The whole period of lent is a spiritual journey and its destination is Easter, the Feasts of Feasts. It is the preparation for the fulfilment of Pascha. For the actual Feast of Pascha we will talk at a later date. For now let us see what this preparation involves and how the Church takes us into this journey. The Orthodox liturgical tradition always announces in advance and prepares for every major feast or season and lent is no exception.
Preparation for lent began five Sundays ago with the Sunday of Zacchaeus. During the Gospel reading for that day, we hear about the Chief publican called Zacchaeus.
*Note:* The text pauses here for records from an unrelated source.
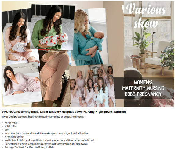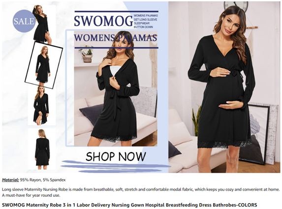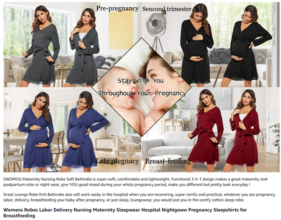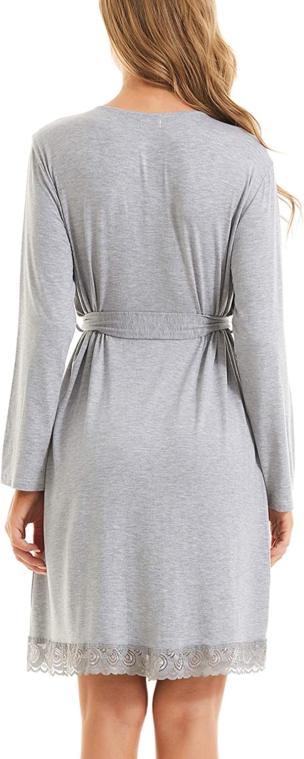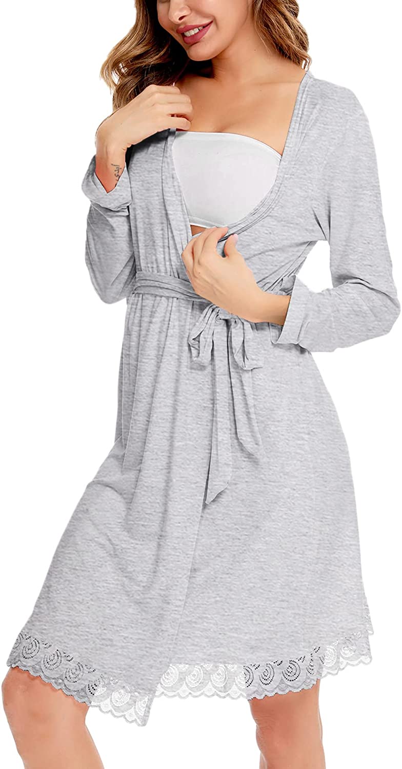 SWOMOG Women's Maternity Nursing Robe Pregnancy Hospital Breastfeeding Bathrobes 3 in 1 Labor Delivery Nightgowns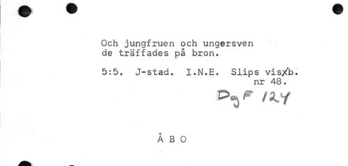 //// iMI //// Och jungfruen och ungersven de träffades på bron. //// 5:5. J-stad. I.N.E. Slips vis/b. //// nr 48. //// ÅBO ////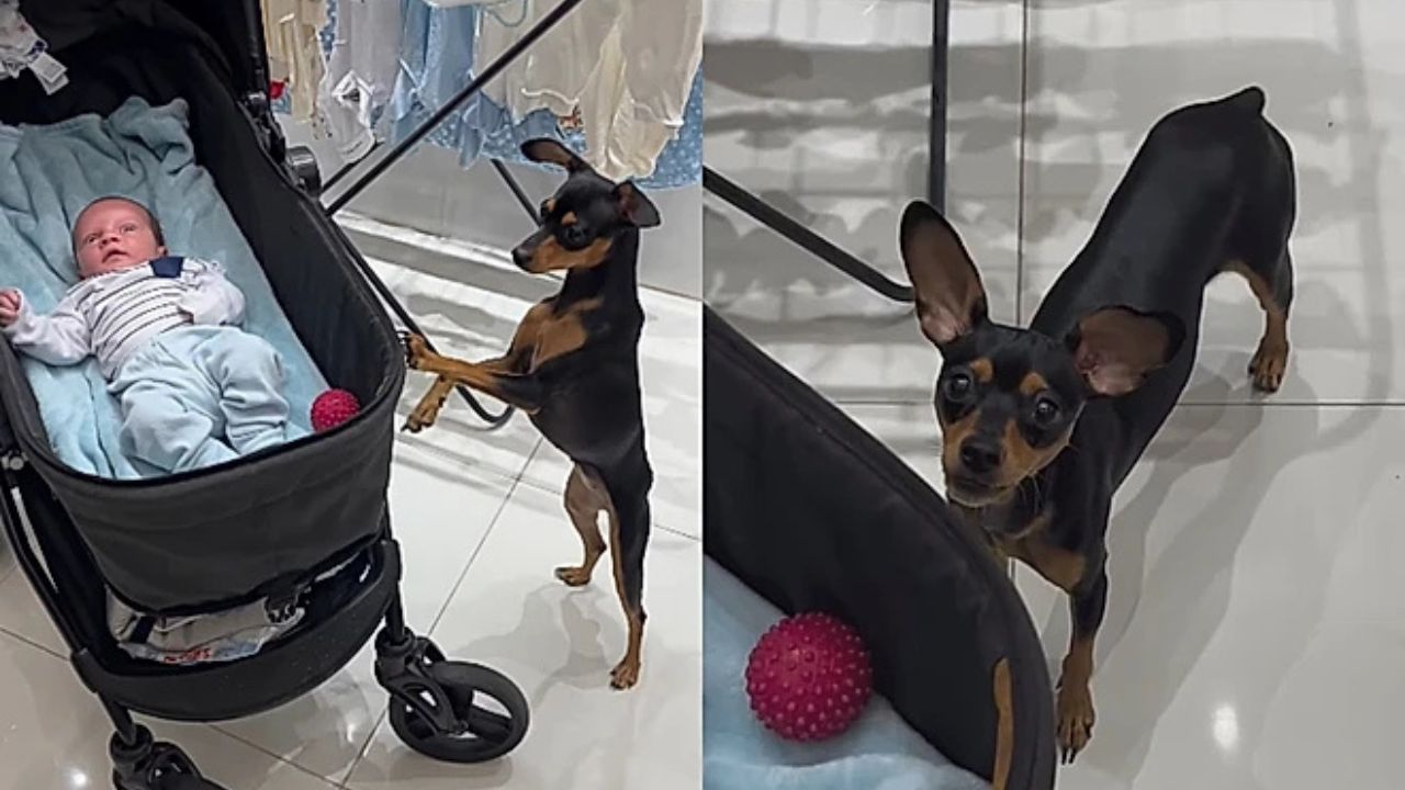 O episódio chama atenção não apenas pela fofura, mas também pelo comportamento insistente e social do animal, que tenta incluir o bebê em uma brincadeira simples: jogar bolinha.

Publicans were people who bought from the Romans, the rights to collect the taxes from the people, but instead of collecting the proper taxes that the Romans asked for, they burdened the people with double or triple amounts and were therefore very much hated as despicable men. Now Zacchaeus was a short man who couldn’t see Jesus because of his height, but his desire was so strong that he climbed up a sycamore tree to see him. Jesus responded to his desire and went with him to his house. From that moment, Zacchaeus’ life changed drastically. Half of all that he had he gave to the poor and to those he cheated by overcharging on the taxes he gave back fourfold. So the Church teaches us that the first thing we need to begin our journey is desire to see Christ. Zacchaeus desired the right thing, he wanted to see and approach Christ. He is the first symbol of repentance, because repentance begins with the desire for God, his righteousness and for true life. Zacchaeus made that first move, in his desire to see Christ he climbed that tree. If our desire is as strong as Zacchaeus’ then Christ will also respond to our desire and come to our house, he will come to live in our hearts and then our lives will also change as drastically as Zacchaeus’ and Christ will give us the strength and grace to climb even higher.
The next Sunday of preparation is called the Sunday of the Publican and the Pharisee. The Gospel for the day tells us about these two men who come to the temple to pray. The Pharisee is self-assured and proud of himself and justifies himself before God that he is righteous, and not like other men, and especially not like the Publican who he saw standing nearby, and as we have already seen, Publicans were hated and held in contempt as being the lowest of all men. The Pharisee cannot see his own wretched condition; he cannot see his own sins, but only the sins of other men. He keeps to the letter of the law by fasting twice a week and contributes to the temple according to what the law tells him to contribute. In contrast to the Pharisee, the Publican, stood afar off, and because he recognized his sins and felt his unworthiness before God, couldn’t lift his eyes up to heaven, but smote upon his breast, saying, God be merciful to me a sinner. The Publicans humility justifies him before God. So the Church teaches us that the next step on our journey is to learn humility, something which is extremely difficult since our society, our whole way of life teaches men that humility is a weakness, a sign of a loser. But God himself is humble and if we want to follow in Christ’s footsteps we must also learn to be humble as Christ said ‘Learn from me for I am meek and humble in heart’. It takes a strong man to be humble. It is not just turning the other cheek; it means to have Christ-like love, to love all people and to be able to forgive them deep down in one’s heart, to be able to truly say, ‘forgive them for they know not what they do’. Humility means not to blame others for our own errors, not to look around and judge at what others do. Many times in confession people try to justify their sins by blaming other. They will say things like – I said this but the other person first said that to me or, I did this, but it wasn’t my fault I was forced to do it. In other words we try to justify our actions by loading them on to others. It takes us back to the original sin of Adam who blamed God for giving him the woman.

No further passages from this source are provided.